The community isn’t divided neatly by AGAB into winners and losers – there are trans women who’ve never experienced violence, and trans men who have. This isn’t because “men are oppressed too” and it certainly isn’t because trans women hold structural power over trans men, but because our identities are complex and our experiences multi-determined. If you’ve experienced violence, you probably have less in common with someone of your AGAB who hasn’t than another trans person, AGAB irrelevant, who has. If you’re living on the breadline, that’s a social factor more salient in terms of the risks you face than which label you claim.

This doesn’t mean TME folks don’t need to reflect on and unlearn transmisogyny. It does mean that transmisogyny isn’t the only oppressive structure that exists. It’s the job of all of us to reflect on the ways in which we hold privilege as well as the ways we don’t, and be mindful of which intersections are relevent in any given conversation.  

I remember once making a transphobic feminist implode by pointing out that Margaret Thatcher could and did oppress working class men, gay men and men of colour, and none of that meant that misogyny isn’t real, nor was MT exempt from it. In a conversation where gendered oppression was the One True Real Oppression, this statement was too much for said transphobe.

Of course, if we’d specifically been having a conversation about misogyny, that would have been a derail, but we weren’t, we were talking about the fact that women can be oppressive and hold power.
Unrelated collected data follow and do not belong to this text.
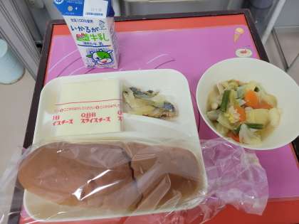 パン、牛乳、あじのレモンマリネ、てぼ豆のスープ煮、スライスチーズ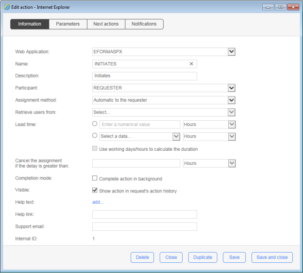Double-click an action in Graphical view or click an entry in List view to open the Edit action form, which includes the following tabs: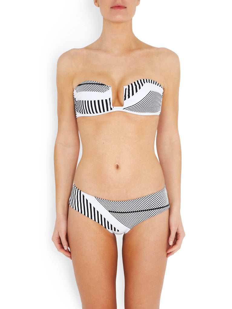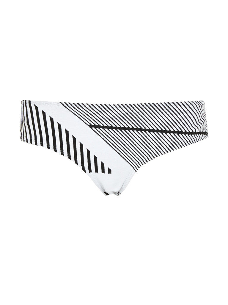 The Sporty Mahe bikini bottom features a slight cut out on each side of the waistband. This bottom sits low on the hips, with a low cut leg and full bottom coverage.
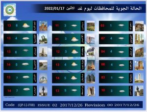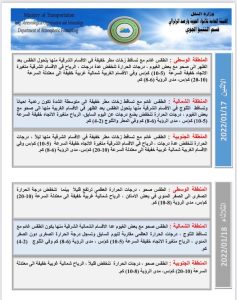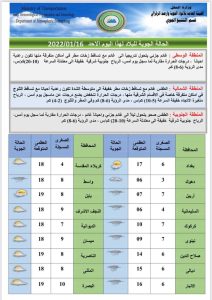 أعلنت هيئة الأنواء الجوية، اليوم الأحد، عن حالة الطقس في البلاد للأسبوع الحالي، فيما توقعت تساقط أمطار مع ارتفاع في درجات الحرارة.

If we simply understood queerphobia and transphobia as Huge and Deadly forms of oppression in their own right trans men would have the framework to articulate their struggles more coherently and we as a community could hold together instead of letting ourselves be split by what are essentially outside narratives.

Equally, while the term transmisogyny is entirely justified because of the specific and prevalent phenomenon it describes, the deadly combination of being young and trans is often missed and neglected, as is the risk our young people of all AGAB are at because of the current transphobic discourse that specifically targets young people. And the way the prevalence of neurodiversity in our community is used to undermine autistic trans people is also a glaring issue. And the way ableism and fatphobia create lethal barriers to trans healthcare (and the ways barriers to healthcare create barriers to safety). And the multiple systemic barriers and risk of violence trans people of colour experience. Structural violence takes many forms, and it all matters. There doesn’t need to be a competition on this, we can care about all oppression and want to dismantle it in all its forms.

Trans men who’ve faced violence, discrimination and abuse don’t need to (and shouldn’t) insert themselves into a conversation about trans women’s experiences, they can have their own conversation on its own merits, in other words.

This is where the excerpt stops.